A lesson with John Duarte

April 15th, 2011

I posted this last year under the title “Dancing with Mr. D” and decided to repost it again under a less obscure title. Another fond look back to my early guitarfaring days.

In 1980, I had just finished my studies at Victoria U in New Zealand and was anxious to go to Europe to further my studies. After talking to friends, I decided to study with John Duarte. Everyone I talked to seemed to think highly of him, including Karl.

So in January of that year, I took the plane from Wellington to London. After a stopover in NYC where I stayed a week with Karl, I took a People Express flight and crossed the Atlantic.

At Gatwick, I called him from the airport and he told me to take the cab to his home. I met him at his home. He was not a big man and was strangely nervous. He did not look you in the eye and was constantly fidgeting with his pipe. I remember he had a slight twitch in the nose.

Needless to say, I was full of excitement at being in London and at the prospect of studying with the great man himself.

A few days after I arrived, I had my first lesson. Mr. Duarte had arranged for me to stay a few doors down from him so it was just a short walk to his house.

The lesson was in his studio upstairs, I seemed to recall it was on the third floor (second in some countries) I took out my guitar ready to play. But Mr. Duarte started talking.

I sat there and let him talk. I don’t remember all the things he said but it was mostly about other guitar players. One thing I do remember is the ‘humorous’ birthday incident with Segovia. He told me that Segovia had called on his birthday to wish him happy birthday. He had just gotten out from a bath and had to stand there in his bathrobe holding the phone. I supposed the image was meant to be rip-roaringly funny so I laughed politely.

After about an hour, I gently interrupted and asked him, “Can I play something for you?”

He said yes, and I played him Ponce’s La Folia. When I finished playing, he started talking again. He said a few things about the piece. At one point, he took a guitar and started playing. I was astounded by what I saw and heard. He could hardly hold the guitar properly and what came out of his fingers were a few scratchy sounds.

After having studied with Karl, a superb musician and a true virtuoso, it was a bit of a rude awakening to find myself taking a lesson with a man who could barely hold the instrument, let alone play it. But I was still eager to hear his comments. Unfortunately, he went on again about other guitar players and about Segovia.

After about two and half hours, the lesson was over. It had cost me eleven pounds. To say I was disappointed was a mild understatement. I went back the next week, and the same scenario played itself over again

I decided I would look for another teacher. I had always been a fan of John Williams and decided that if I couldn’t study with him, I would study with one of his students. At that time, his most prominent student was Julian Byzantine so I contacted him and was able to set up a lesson with him immediately.

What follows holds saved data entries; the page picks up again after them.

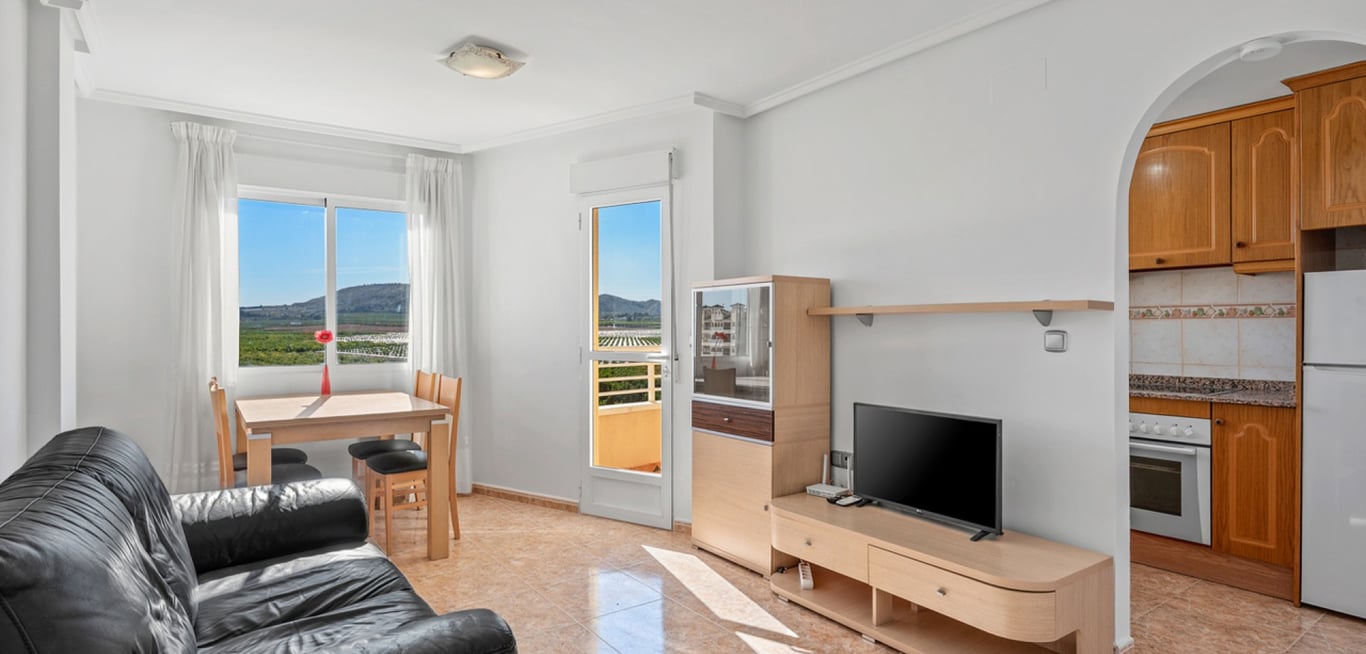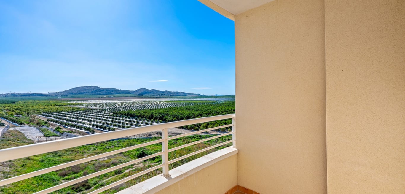 This charming two-bedroom apartment with stunning countryside views is located in the centre of Algorfa, Alicante. The property features a bright living/dining room, a fully equipped semi-open kitchen, two bedrooms with fitted wardrobes, a bathroom with a bathtub, a south-facing terrace with fantastic views of the surrounding countryside and mountains, and there is also a private rooftop terrace/solarium for making the most of the sun and the views.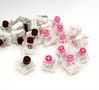 카일 저소음 박스 스위치는 핑크(리니어)와 갈축(넌클릭) 두 종류로 출시된다. 먼저 핑크축은 가벼운 키압 덕분이 구름타법이 가능하고 걸리적거리는 느낌이 없는 것이 특징이다. 입력압은 35g, 바닥압은 45g, 스템 이동거리는 3.6mm다.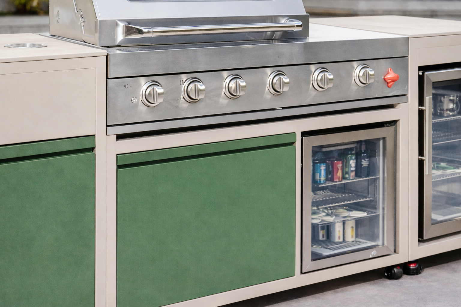 - Meuble évier avec évier et robinet en inox 304 Barbecue professionnel en inox 304SS Réfrigérateur intégré en inox 304SS Deux bacs à déchets intégrés Portes aluminium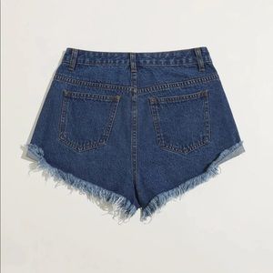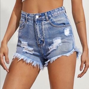 Raw hem distressed ripped denim shorts high rise high waist light wash
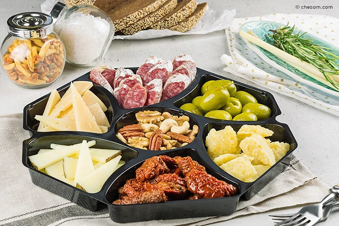 Сыры укладываются в менажницы с глубокими отсеками, которые не позволяют продукции перемешаться между собой.

When Mr. Duarte found out, he was furious. One morning, I woke up to find a letter in an envelope under the door. It was from the great man himself. Three typed pages of pure vitriol and biting sarcasm. I should’ve kept the letter. Maybe I could’ve sold it on ebay these days. I’m sure he still has fans out there who wouldn’t mind giving a few bucks to have his autograph.

In the letter, he was extremely critical of my playing. I remember thinking, now why didn’t he tell me these things in the lessons? That’s what I wanted to hear, not all that happy guitar talk.

Needless to say, I didn’t last very long in England. I salvaged my stay there by attending a great number of concerts, and met many musicians and guitarists. While I didn’t meet JW himself (although I did get to see him after a Sky concert at Hammersmith) I got to meet Kevin Peek, Paco Pena (an incredibly gracious man) David Bedford (who picked me up from the train station on his motorbike and gave me a bunch of scores which I still have today) and I saw Alfred Brendel, Misha Dichter, among others, in concert.

So yes, I guess I didn’t handle my encounters with Mr. Duarte very well, but I had a great time in London.


5 Responses to “A lesson with John Duarte”

  1. Chris Says:

    I’ve heard similar stories about Mr. Duarte: that he talked a bunch and generally avoided teaching, etc.


  2. Philip Hii Says:

    I remember there was a famous guitarist (I’ll withhold his name but his initials are JW) called him an “old windbag” and the now defunct Guitar Magazine used to run a comic strip featuring a guitar pedagogue named Wyndham Waffle. Should’ve taken a cue from these people in the know. But I imagine your old teacher probably had a few stories about him too.

  3. Peter Says:

    Duarte also got a very bad review, for a lecture he gave in Germany:

  4. Philip Hii Says:

    Interesting… the pipe, the name dropping — classic Duarte. Thanks for the link.

  5. Jean Feys Says:

    It is not enough to be a good guitarist, one must also play well.